第16話 日常?
あの衝撃的な水族館デートから数日が経った夏休みの日、俺の思考は未だにあのキスに捕らわれたままだった。
一体、美空はどうゆうつもりなんだ…
あれから美空は友人との旅行に出かけたので会ってはいないが、次に会ったらどう接すればいいんだろう。

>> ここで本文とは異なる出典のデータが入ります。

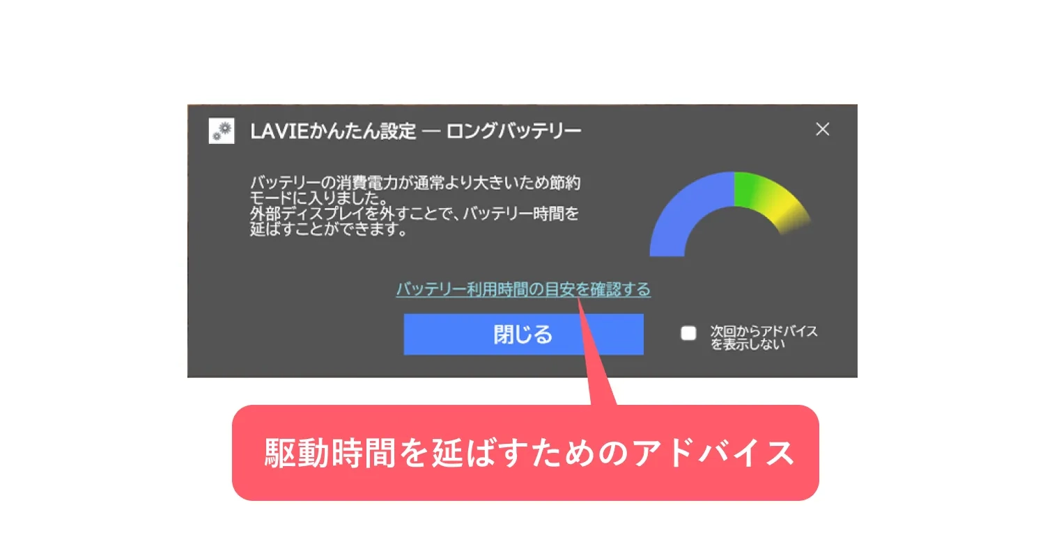 さらに、接続中の周辺機器や長時間起動したままのアプリを検知し、バッテリー節約のためのアドバイスを行います。
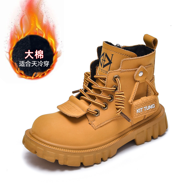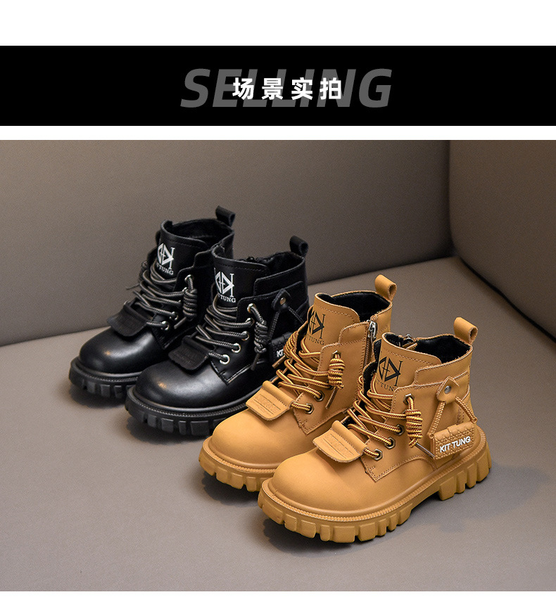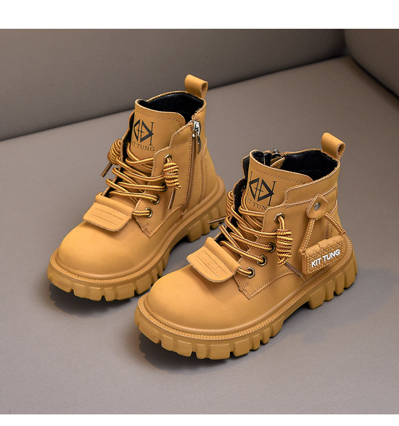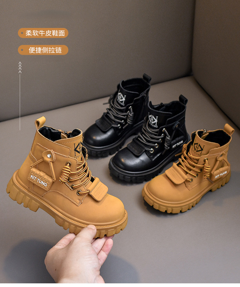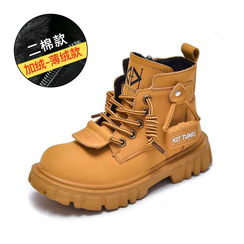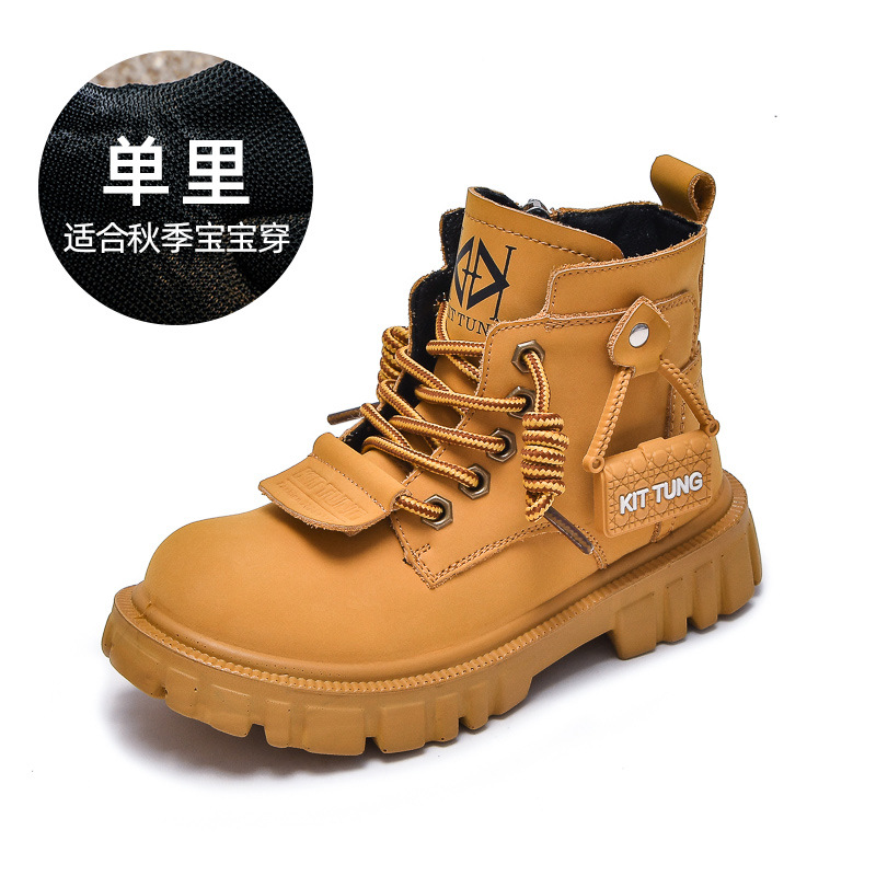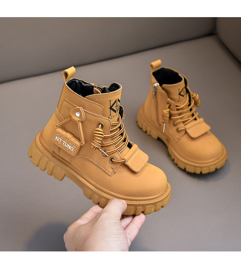 소년 마틴 부츠 2025 가을, 겨울 새로운 어린이 부츠 부드러운 밑창 캐주얼 다목적 플러스 벨벳 소년 작은 노란색 부츠 도매스토어 가기
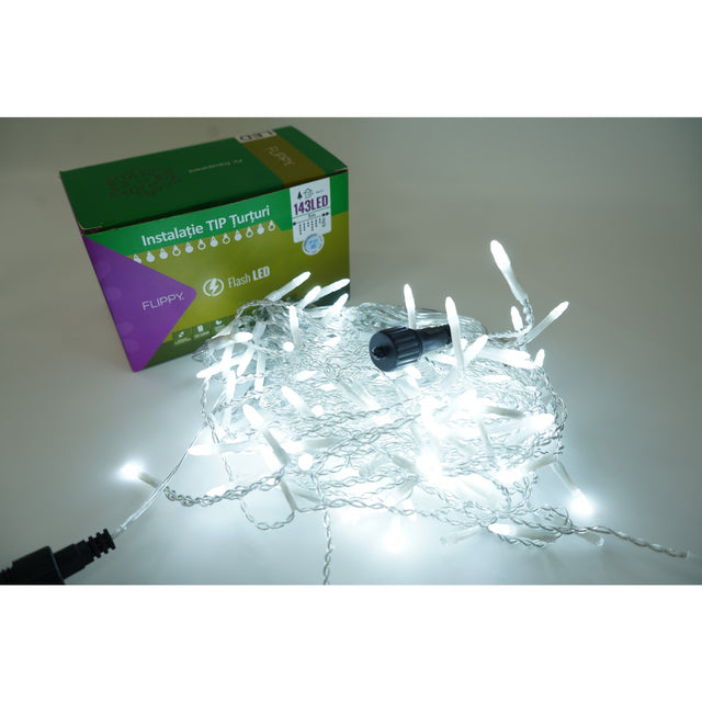 Монтаж на коледна елха, светещи ресни, секция 5 м, 143 светодиода, свързващи се, кабел, студено бяло
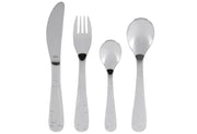 Edelstahl, Inhalt: 1 x Messer 18 cm, 1 x Gabel 16 cm, 1 x Teeöffel 13 cm, 1 x Löffel 16,5 cm
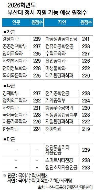 이 같은 성적 흐름에 따라 부산 지역 주요 대학의 정시 지원 가능 점수도 대부분 낮아질 것으로 전망된다. 인문계 부산대 상위권 학과는 지난해보다 약 10점, 하위권은 6~10점 하락할 것으로 분석됐다. 국립부경대는 1~6점, 동아대는 약 3점 낮아질 것으로 보인다. 다만 다군 일부 학과는 경쟁 완화로 약 3점 상승할 가능성도 있다.
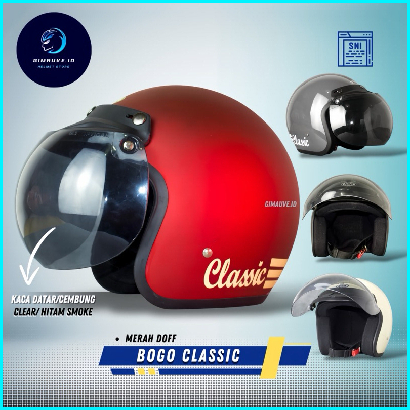Helm Bogo Classic Premium Helm Halface Free Kaca Cembung Atau Datar Helm Sni
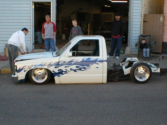 this truck was previously body droped by an old club member know as deez nutz member and the truck was all crooked and didnt line up and jay and eric from down 2 earth customs had to redo the whole thing
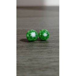 Boucles d'oreilles fleurs bleu et rouge en verre fusing millefiori et acier inoxydable.
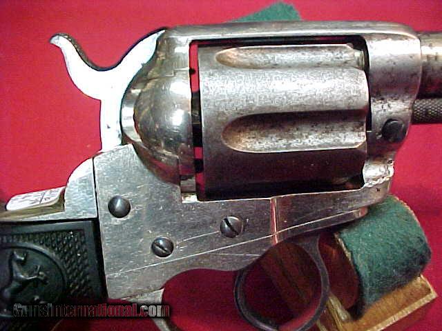 Description: #4995 Colt 1877-D/A “Thunderer”, 3-1/2”x41COLT, 3XXX( 1877, first year of production!!) and being the so called “Storekeeper or Sheriffs Model”, made without ejector. VG action, functioning both on S/A and D/A, and fine bore. Exterior retains about 60-70% original nickel blending in to smooth grey metal with minimal light pitting. VG+ one-piece checkered hard rubber grips that fit well enough, but not perfect, so it is possible that these could be off another gun. However, these are scarce very early style grips and proper for this serial range. Brilliant fire blue still remaing on the back of the hammer and trigger. This is a first year production gun, and overall a VERY decent Thunderer that should make a fine addition to a Colt D/A collection (….especially since the 1877 was the first model of the Colt D/As!!) VG+/Fine as described. $1595 SOLD Curio/Relic: Yes Antique: Yes |
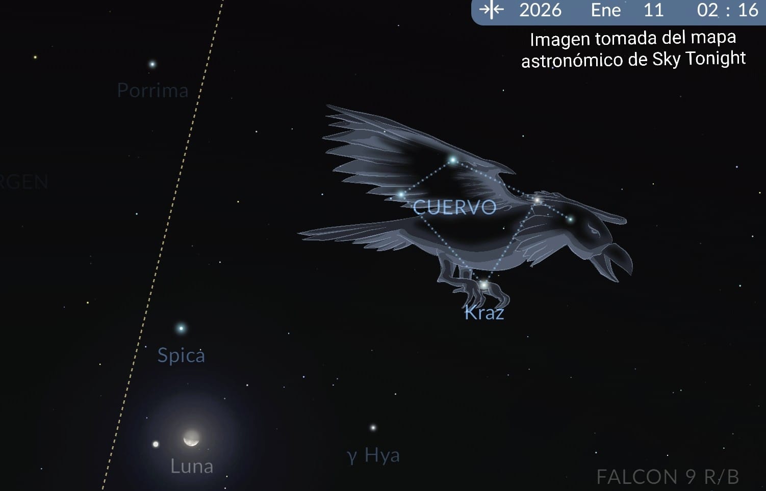 “Corvus o el Cuervo es una constelación pequeña con sólo 11 estrellas visibles a simple vista. γ Corvi (Gienah Gurab) y δ Corvi (Algorab) sirven de indicadoras para encontrar a Espiga (α Virginis).
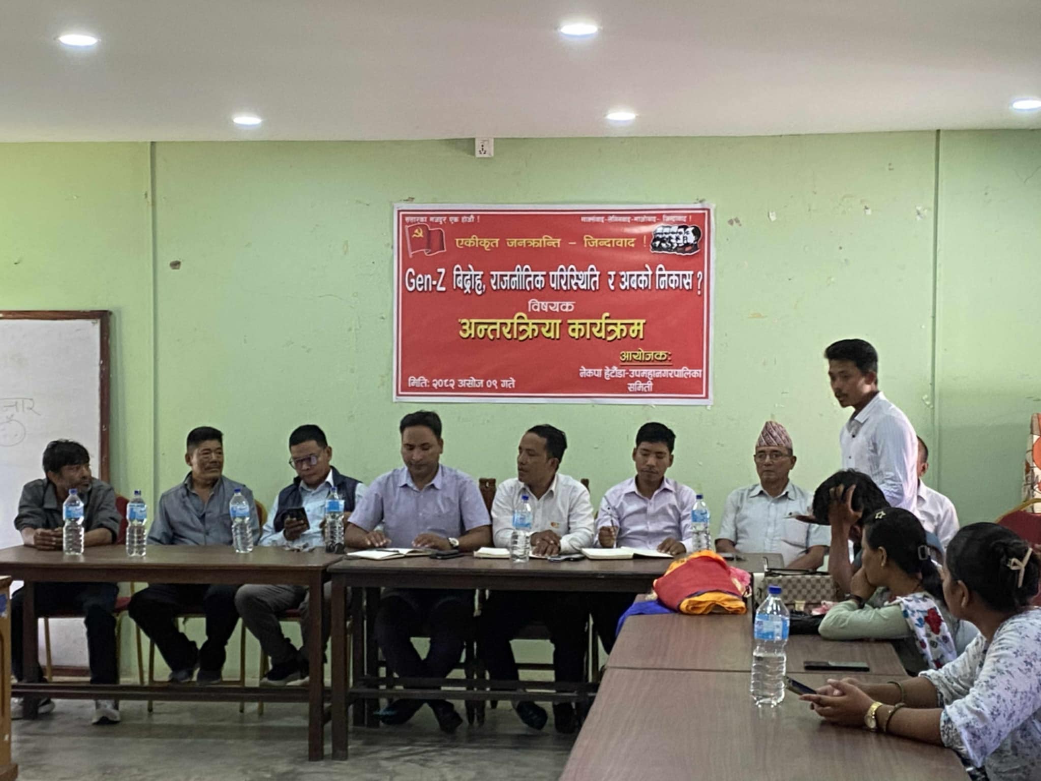जिल्ला सचिवालय सदस्य सुर्य सीले सन्चालन गरेका जेन्जी विद्रोह, राजनीतिक परिस्थिति र अबको निकास विषयक अन्तरक्रिया कार्यक्रमको सभाध्यक्ष नेकपा हेटौंडा उपमहानगरपालिका इन्चार्ज विवेक सी रहेका छन् ।

予定通りだと今日、美空が帰ってくるからそれまでに自分の中で結論を出したいんだが………
やっぱり、わからねぇ。
ここまで深く考えたけど、そもそも美空は帰ってきたら家に来るのか?
美空も気にして来ない可能性もあるよな。なんならその可能性の方が高いんじゃないか。じゃあ、今日はまだ考えなくても大丈夫か。
昼飯も食ったし寝るか。
自堕落な生活は今だけの特権だしな。
そしてこの後、俺はこの時にちゃんと向き合って、考えなかったことを後悔することになる。
◆◆◆
午後六時、俺は寝苦しさを覚えて目が覚めた。
エアコンの設定が甘かったかなと思ってリモコンを取ろうとすると、俺のベットにある違和感に気づいた。
「美空!?」
その違和感の正体は俺の腹に頭を預けてベットに腕を載せて眠りこけている美空だった。
「美空、起きろ。もう夜だぞ」
声をかけても美空が起きる気配もなかった。
「ったく。無防備すぎるだろ」
思わず零れ出た自分の発言に俺は自分で驚いた。
今の俺の発言は美空の幼馴染としての発言ではなく、一人の男としての発言だった。
今までなら美空が傍で寝ていたとしても寂しいのかなぐらいしか思わなかったのに、今は完全に美空を女として見ていた。
「うにゅ、優斗…好き」
…可愛すぎんだろコイツ。
なんかそんな事を考えるのがバカらしくなってきた。
普段よりもあどけない表情を浮かべる美空の頬を軽く撫でる。
「俺はどうしたいんだろな」
そんな問いに答えが返ってくることはなく、ただ時が過ぎていった。
美空を寝かしたまま、俺は今日の夕飯を作り始める。
本日のメニューは麻婆豆腐だ。
片栗粉を流し込むタイミングで匂いにつられたのか美空が起きて俺の寝室を出てきた。
「おはよう、優斗。私の分もある?」
「おう、当たり前だろ。皿運ぶの手伝ってくれ」
「は~い」
未だに寝ぼけた様子の美空が皿を運び終えたら、お待ちかねの夕飯だ。
麻婆豆腐をレンゲですくって口に入れると特有の風味と辛みが広がる。今日は上手くできたな。
「美味しい」
美空の口にもあったようで互いに黙った口を動かしていた。
「「ご馳走様」」
俺の方が量が多いのもあってか同時に食べ終わった俺たちは片づけをしてテレビを見ていた。
「ねぇ、優斗」
「なんだ」
急に真剣な雰囲気を纏って美空が話しかけてきた。
「私、優斗と恋人になりたい。勿論、優斗がまだ同じ気持ちじゃないことはわかってる。けど、私は優斗ともっといろんなことをしてみたい。水族館の帰りに私がしたような幼馴染じゃできないことも恋人でならできる。それに、私は優斗を誰にも渡したくないし、これからもっと多くの時間を優斗とすごしたいの」
美空のその真っ直ぐな言葉に俺は自分の気持ちが余計わからなくなっていた。
「俺は…」
「今、答えは出さなくても良いよ。けど、どういう答えだろうと私をあまり待たせないでね。寂しいから」
俺は何故か美空がちゃんと傍にいるのに俺から離れていってしまったような感覚を覚えていた。
「真面目な話はおしまい。また明日」
去り際に俺の頬に口を触れさせて後、笑いながら美空は自宅に帰っていった。
俺も自分の答えを見つけなきゃな…
夜中まで色々なことを考えていて、次の日の夏季集中講義を寝坊仕掛けたのを美空に起こされたのはないしょである。